The suspects are accused of being members of the terror cell that carried out the worst peacetime attack in Belgian history.
Six years after the 2016 Brussels terror attacks, Belgium’s largest-ever criminal trial has begun in the capital.
Ten men are accused of being members of the terrorist cell that carried out the worst peacetime attack in Belgian history.
A total of 32 people were killed and over 340 others injured in rush-hour bombings at Brussels’ airport and on the city’s metro system.
One victim, Loubna Selassi, told reporters at the courthouse that she felt stressed and anxious at the beginning of the trial.
"It's the first day, so it's obviously very difficult," she said.
**"I hesitated until the last moment and I told myself that we would have to be present at some point, as there are also testimonies planned. So, little by little, we'll see how it goes. And when you're accompanied, it's always easier," she added.
Esmael Fazal Sarah lost her sister in the metro and does not expect much from this trial.
"I have no hatred. I have no hatred at all. I have never met anyone. The look does nothing to me. I am at peace with myself and as I said in the previous stuff; I really don't hate the accused," Fazal said.
The suspects include Salah Abdeslam, the only surviving member of the Belgium-based cell that killed 130 people in the Paris attacks in November 2015.
Another defendant, Mohamed Abrini – known as the "man in the hat" – is suspected of abandoning his explosive device at the airport during the attacks.
The eight other suspects are accused of supplying the Brussels attackers with weapons and logistical assistance or supporting the terrorist cell.
Nine of the men face life imprisonment if convicted, while the tenth could be jailed for up to 10 years.
One of the ten defendants is presumed dead in Syria and will be tried in absentia by the Brussels court of assizes.
Vincent Lurquin, a lawyer for Hervé Bayingana Muhirwa, one of the accused, said it is necessary that the debates can take place and that everyone can express themselves.
"I really believe that the most important thing is to listen to the civil parties.

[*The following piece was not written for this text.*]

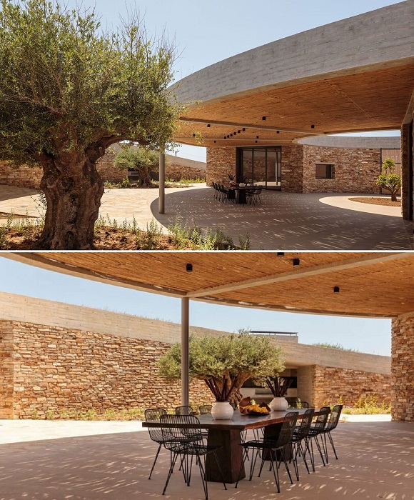 По этой причине молодое лимонное дерево стало главным объектом, вокруг него и появилось круглое строение, архитектурные формы которого органично перекликаются с аморфной топографией склона. Дерево оказалось в центре внутреннего двора, который огибают каменные стены вперемешку с панорамным остеклением и сквозными пролетами. Несколько старых оливковых деревьев стали главной изюминкой оформления придомовой территории, вокруг которых извиваются бетонные дорожки, в некоторых местах образующие зоны отдыха на свежем воздухе. А вот затенение для этих площадок обеспечивают не деревья, ввиду их скромных размеров, ведь они больше напоминают топиарии или такой себе природный бонсай.

It is dignity, it is listening to their suffering. And the concrete consequence for us will be to say: we are not hiding behind the right to remain silent," Lurquin told Euronews.
"But we are convinced that we must have a judicial debate and that we must speak, we must explain ourselves, we must answer the questions of the civil parties. We must also have responsibilities. It's not just the nine people in the box who are responsible for what happened."
The attacks in Brussels came just four days after Belgian police had arrested Abdeslam at an apartment in Brussels’ Molenbeek district.
On the morning of 22 March, two suicide bombers detonated devices in the departure lounge at Brussels-Zaventem international airport. Sixteen people were killed in the two blasts and dozens of others were injured.
A third suspected bomber – Abrini -- was seen on CCTV dropping a large bag, containing explosives, before leaving the terminal.
Minutes later, another suicide bomb was detonated on a metro train, as it was just about to leave Maelbeek station in central Brussels, near the city’s EU quarter. Sixteen more people were killed.
The attacks were later claimed by the so-called Islamic State (IS) group over Belgium's “war against Islam”.
Hundreds of witnesses and victims will testify at the trial in Brussels, which is expected to last until June.